Data in this exercise:
◇ ◇ ◇ ◇ ◇ ◇ ◇
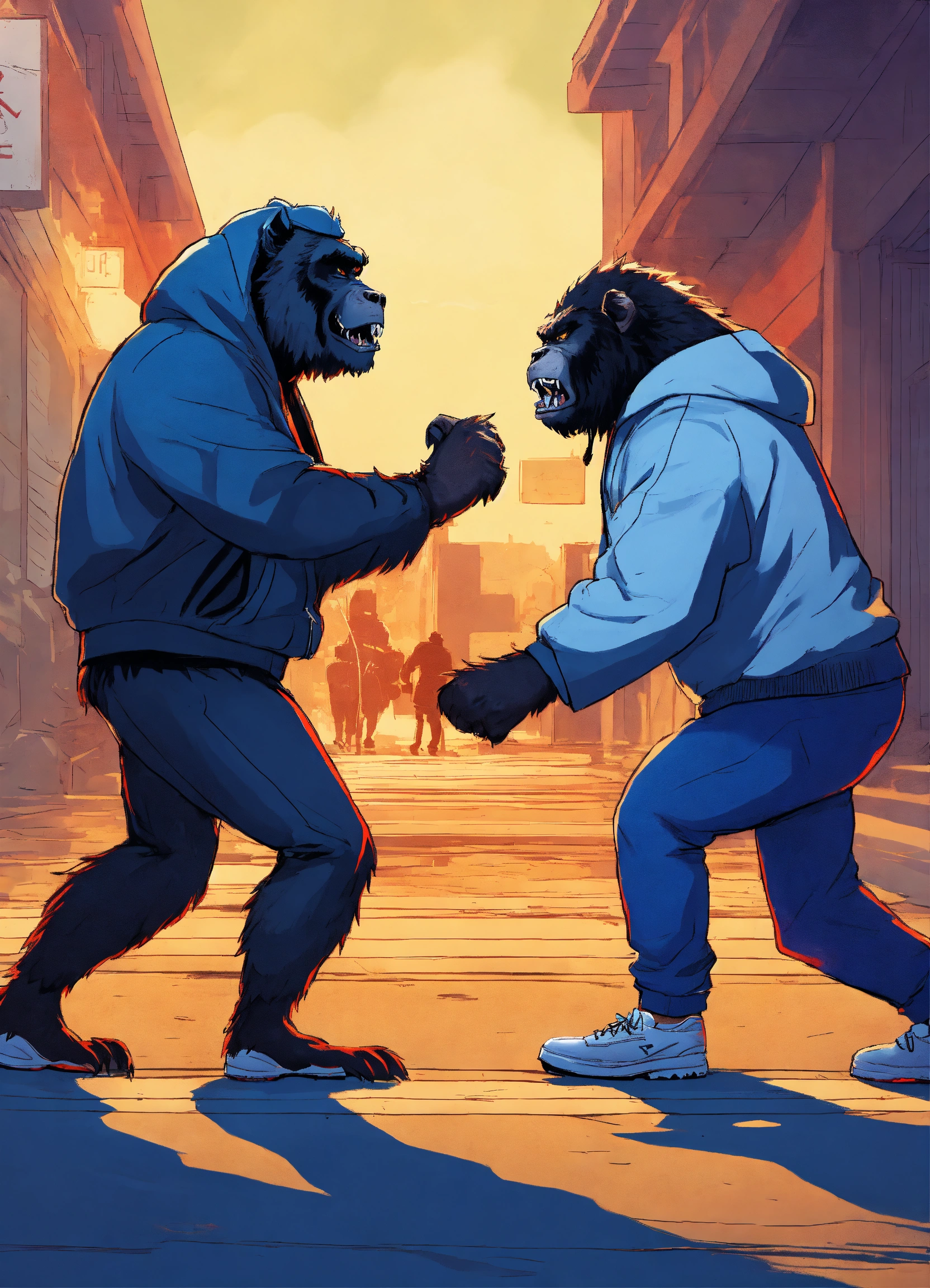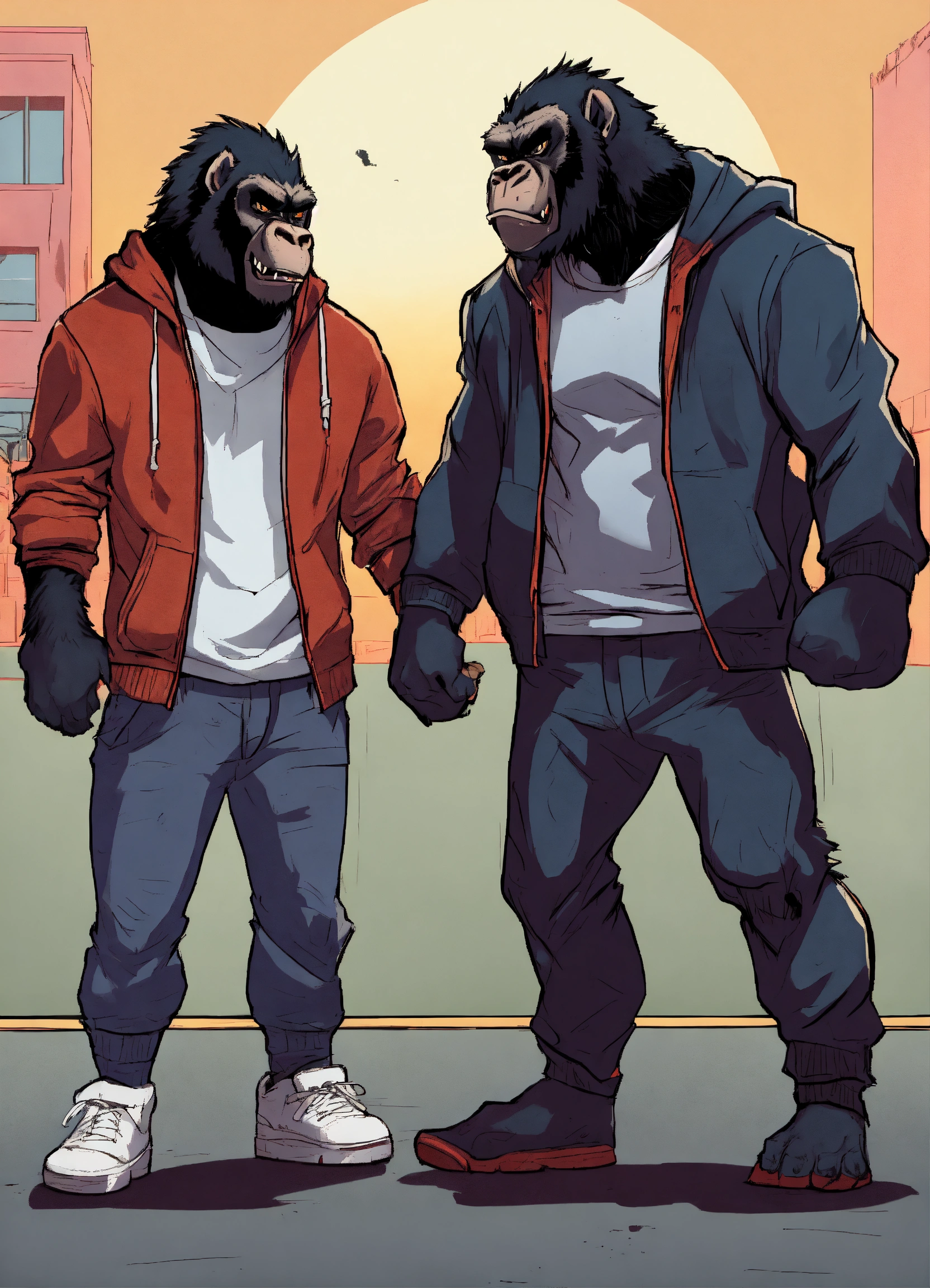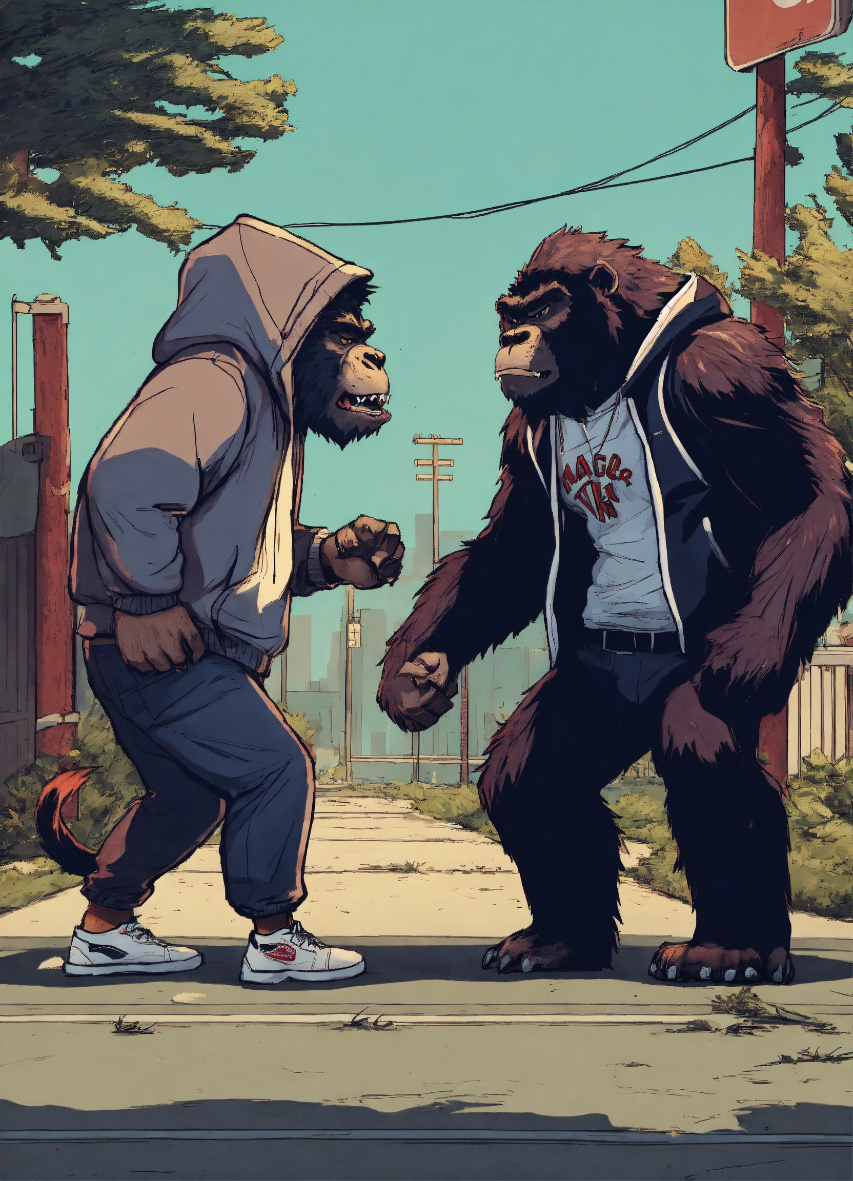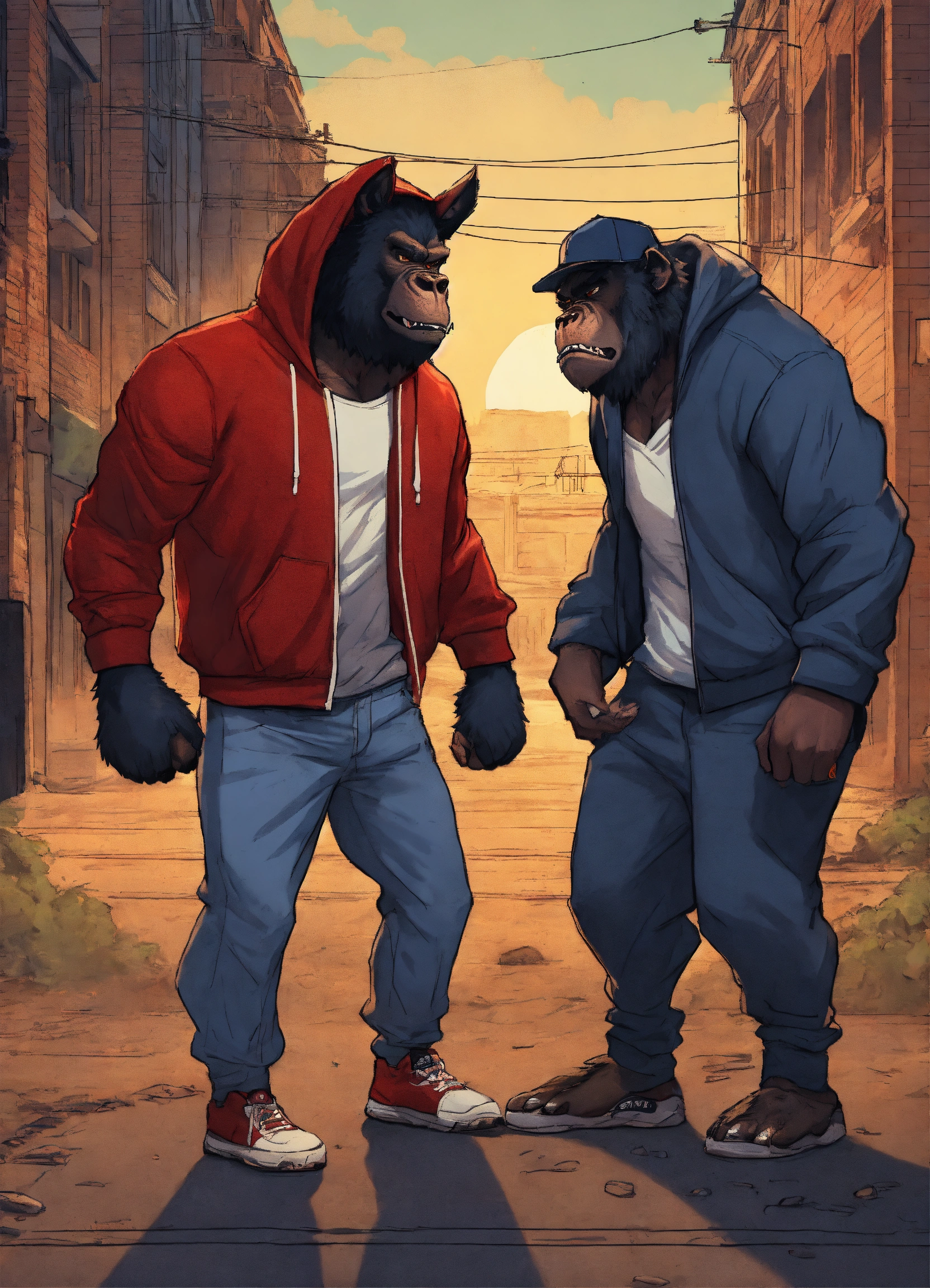 Gangster werewolf and gangster gorilla wearing hoodies and baseball caps mad arguing walking away from each other
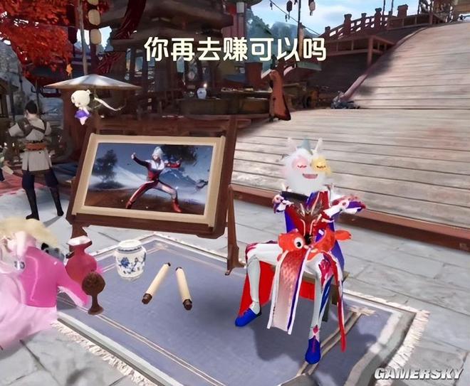 《逆水寒》中的江湖百业系统,在身份上把玩家区分成了不同的职业。而在虚拟世界中继续扮演“打工人”身份的玩家,自然也不能像现实中那样唯唯诺诺。在外观上整活,就成了他们放飞自我的最好方式。因此,你能在汴京城中看到奥特曼在路边摆摊,也能看到美少女战士,在野外的水面上优雅地跳来跳去。
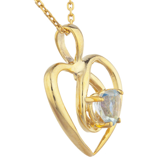 14Kt Gold Natural Blue Mystic Topaz Heart Design Pendant Necklace
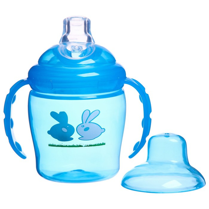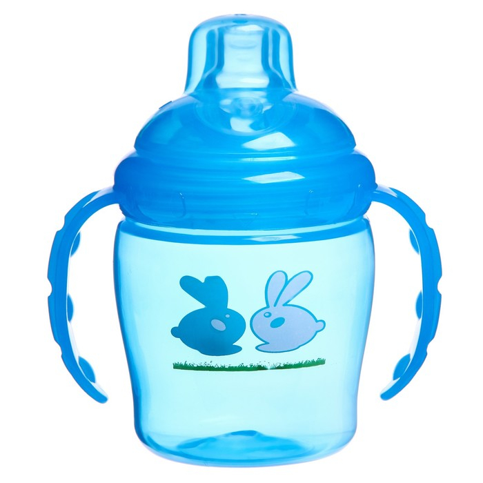 Поильник - непроливайка детский с мягким носиком, 250 мл., с ручками, цвет голубой
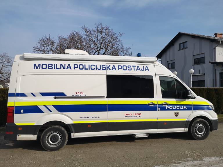 Veliko policijsko vozilo z napisom 'mobilna policijska postaja' zagledamo parkirano ob cesti. Njen osnovni namen pa je mimoidočim približati delo policistov.
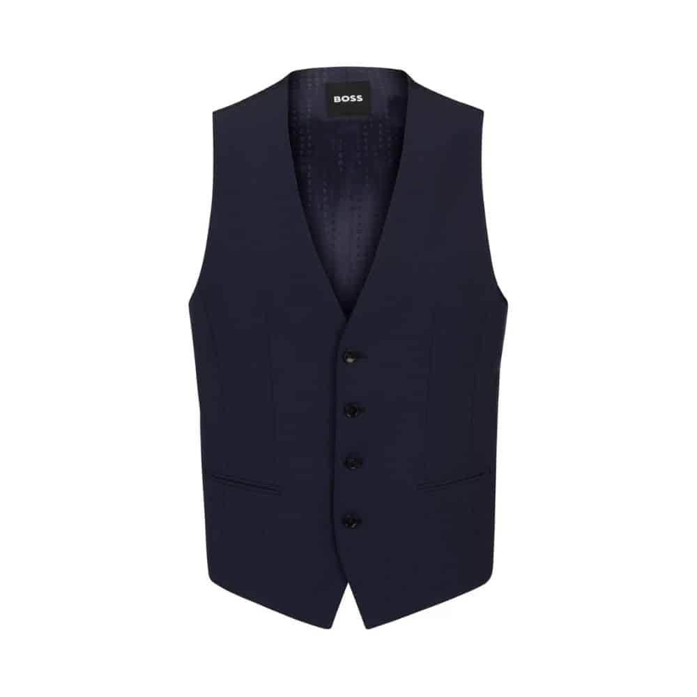 An elegant waistcoat by BOSS Menswear, designed to be mixed and matched with other pieces from the collection. Tailored to a defined fit for a modern silhouette, this four-button waistcoat is blended with stretch and lined with repeat-logo-print fabric. For our BETTER BOSS products, we always use at least 60% better raw materials. This garment is made from at least 60% responsible and certified wool. At HUGO BOSS, responsible wool means it meets the standards of the Five Freedoms of animal welfare.
◇ ◇ ◇ ◇ ◇ ◇ ◇
Task instructions: The lines from the start of the records above through the line that holds "Veliko policijsko vozilo" are to be copied exactly, both ends included, and no pictures are to be copied.

Output for this exercise:
 Gangster werewolf and gangster gorilla wearing hoodies and baseball caps mad arguing walking away from each other
 《逆水寒》中的江湖百业系统,在身份上把玩家区分成了不同的职业。而在虚拟世界中继续扮演“打工人”身份的玩家,自然也不能像现实中那样唯唯诺诺。在外观上整活,就成了他们放飞自我的最好方式。因此,你能在汴京城中看到奥特曼在路边摆摊,也能看到美少女战士,在野外的水面上优雅地跳来跳去。
 14Kt Gold Natural Blue Mystic Topaz Heart Design Pendant Necklace
 Поильник - непроливайка детский с мягким носиком, 250 мл., с ручками, цвет голубой
 Veliko policijsko vozilo z napisom 'mobilna policijska postaja' zagledamo parkirano ob cesti. Njen osnovni namen pa je mimoidočim približati delo policistov.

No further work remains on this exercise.